PERTH, 12 MARCH 2015

Application for relief from unfair dismissal.

[1] Mr Allan Trethewey (Mr Trethewey or Applicant) has made application to the Fair Work Commission (Commission) seeking a remedy for alleged unfair dismissal from his former employer, Windsor Investments (Aust) T/A Warwick Bus and Coach (Employer).

[2] The application was made pursuant to s.394 of the Fair Work Act 2009 (FW Act).

[3] In response to the application, the Employer asserts that the Applicant was not dismissed.

[4] The matter was not resolved at conciliation and referred to me for arbitration.

[5] At arbitration, the Applicant represented himself and gave evidence on his own behalf. The Employer was represented by Ms M Saraceni of Counsel. Mr Rod Jenzen, Company Director, gave evidence on behalf of the Employer.

[6] This is my decision and reasons for decision on Mr Trethewey’s application.

RELEVANT BACKGROUND

[7] From the material provided to the Commission:

  • Mr Trethewey commenced employment on 16 October 2012 and his principal job was as a school bus driver;


  • at the commencement of his employment, Mr Trethewey was allocated to drive the Two Rocks Woodridge school bus;


  • while driving on the Two Rocks Woodridge school route, Mr Trethewey was the subject of complaints to the Public Transport Authority (PTA);


  • subsequently, the PTA received advice from the Employer that Mr Trethewey had been replaced as the driver on the Two Rocks Woodridge school bus services effective from 14 October 2013;


  • Mr Trethewey last worked for the Employer on 17 October 2013;


  • on 6 November 2013, Mr Trethewey filed an application in the Commission alleging that he had been unfairly dismissed from his employment (U2013/15628). This application was dealt with by two other members of the Commission;


  • on 14 May 2014, Mr Trethewey and the Employer agreed to terms of settlement in resolution of application U2013/15628;


  • on 15 May 2014, Mr Trethewey filed a notice of discontinuance in application U2013/15628;


  • as part of the terms of settlement, Mr Trethewey was to commence employment on Monday 21 July 2014, at the start of Term 3 of the school year, on the Bullsbrook school route; 1


  • on 3 June 2014, the Employer met with the PTA. While the meeting was not specifically related to Mr Trethewey, in the course of the discussions, Mr Jenzen mentioned that the Applicant was commencing employment on another school bus service;


  • as a result of being advised of this information, the PTA exercised a right under its contract with the Employer, that the Employer remove Mr Trethewey from driving any PTA contracted “orange school business service” 2;


  • the PTA confirmed the exercise of its right under the contract in correspondence to the Employer on 16 June 2014 3;


  • Mr Rod Jenzen received the PTA correspondence on 30 June 2014, via his father, Mr Peter Jenzen, who held the PTA contract;


  • as a consequence of the PTA exercising its right under contract for the Employer not to utilise Mr Trethewey as a school bus driver, Mr Rod Jenzen set out, in correspondence dated 9 July 2014, a proposal to Mr Trethewey to pay him the following entitlements:


    Pay in lieu of notice;
    Redundancy pay entitlements; and
    Outstanding holiday pay. 4

  • Mr Trethewey did not receive this correspondence.

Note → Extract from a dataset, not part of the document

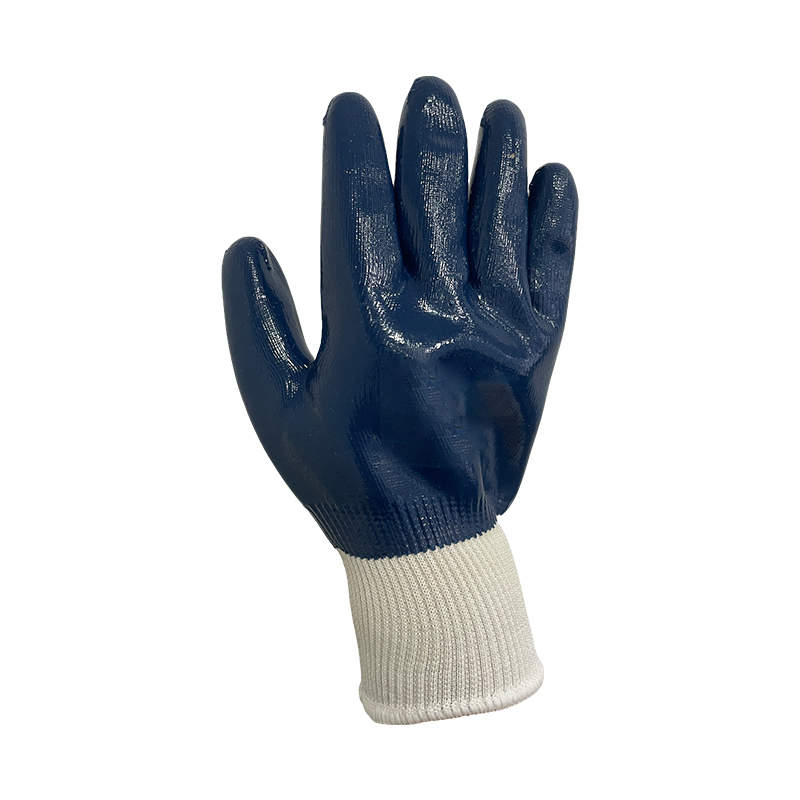 Nitrile glove,10g, polyester supporting liner,blue nitrile fully coating,polyester and spandex cuff,good fit for secure grip.
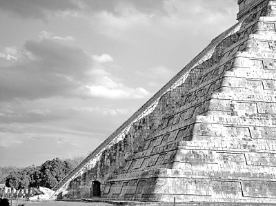在美洲,古瑪雅人不僅為后世留下了復雜的文字體系,其天文和歷法系統也十分成熟,這在古瑪雅建筑中有直觀的體現。古瑪雅的城市建筑包括宮殿、天文觀測臺、金字塔神廟等。在墨西哥尤卡坦半島瑪雅遺跡奇琴伊察的中心,有一座瑪雅文明鼎盛時期的金字塔建筑,即卡斯蒂略金字塔(也稱為庫庫爾坎金字塔)。它是祭祀羽蛇神的神廟,羽蛇神在古瑪雅文明中是太陽的化身。該金字塔底座為正方形,四個坡面上的階梯朝向正南、正北、正東和正西四個方向,四面的臺階各有91階,加上最頂部的一層共計365個臺階,正好是哈布歷(以365天為周期)中一年的天數。52塊有雕刻圖案的石板象征著瑪雅日歷中以52年為周期的輪回。每當春分與秋分日,日出或日落之時,金字塔拐角的輪廓在北面階梯上的投影如同蛇身,與階梯底部的羽蛇神頭像正好相連,形成完整的蛇形圖案,這一切顯然都經過了精心的計算和設計。古瑪雅人極為重視天文數據,金字塔的設計處處呼應天文和歷法的數字規律,體現出古瑪雅文明的宇宙觀念。

However, he attended the Employer’s premises on 16 July 2014 and, according to Mr Rod Jenzen, advised the Employer that he would “resign” on the basis of two (2) weeks’ notice and a “reference of continuous service up until that date”;


  • Mr Trethewey disputes that he “resigned”;


  • notwithstanding the disputed contents of the discussion on 16 July 2014, Mr Rod Jenzen advised Mr Trethewey that he would “honour the proposed payment [set out on 9 July 2014] even though he had purportedly resigned” 5;


  • on 24 July 2014, Mr Rod Jenzen’s registered mail correspondence of 9 July 2014 to Mr Trethewey, was returned by Australia Post, unopened;


  • subsequently on the same day (24 July 2014), the Employer made payment to Mr Trethewey consistent with Mr Rod Jenzen’s correspondence of 9 July 2014;


  • on 28 July 2014, Mr Rod Jenzen became aware that the payment on 24 July 2014, had been returned to the Employer’s account;


  • on 29 July 2014, Mr Trethewey attended the Employer’s offices and as part of the discussion, was asked for his current bank details to enable the payment of 9 July 2014, to be forwarded to his account;


  • it would appear that Mr Rod Jenzen eventually sent a cheque to Mr Trethewey for the payment of monies set out in his correspondence of 9 July 2014. On 21 August 2014, Mr Trethewey advised him that he had lost or misplaced the cheque. Mr Rod Jenzen cancelled the cheque and sought Mr Trethewey’s bank details. To date, those details have not been provided to the Employer.


[8] For completeness, I note that between October 2013 and December 2014, Mr Trethewey was employed four (4) days per week on a casual basis driving a bus for Northside Buses 6. Mr Trethewey’s last date of employment for Northside Buses was 19 December 2014. I have no details of the actual days Mr Trethewey was employed.

[9] Finally, it should be noted that the outstanding holiday pay referred to in the Employer’s correspondence of 9 July 2014, was Mr Trethewey’s accrued entitlement due as at 17 October 2013.

RELEVANT LEGISLATIVE FRAMEWORK

[10] For a person to be protected from unfair dismissal, it is necessary that the person be an employee pursuant to s.382 of the FW Act.

[11] An employee means a national system employee.

[12] A national system employee is an individual who is employed, or usually employed, by a national system employer.

CONSIDERATION

[13] In his initiating application, Mr Trethewey states:

    “1.2 What date were you notified of your dismissal?

    I was not notified (like the first time). I was just not given any work. No explanation.

    1.3 What date did your dismissal take effect?

    22 July 2014.”

[14] It is necessary, in the first instance, to determine whether Mr Trethewey was an employee and employed by the Employer.

[15] There is no dispute that the Employer is a national system employer. However, Mr Trethewey last worked for the Employer on 17 October 2013 and claimed in his previous application (U2013/15628) that he was dismissed on 18 October 2013.

[16] Mr Trethewey has given evidence that, at some time from October 2013 and, as late as 19 December 2014, he was employed as a driver with another employer.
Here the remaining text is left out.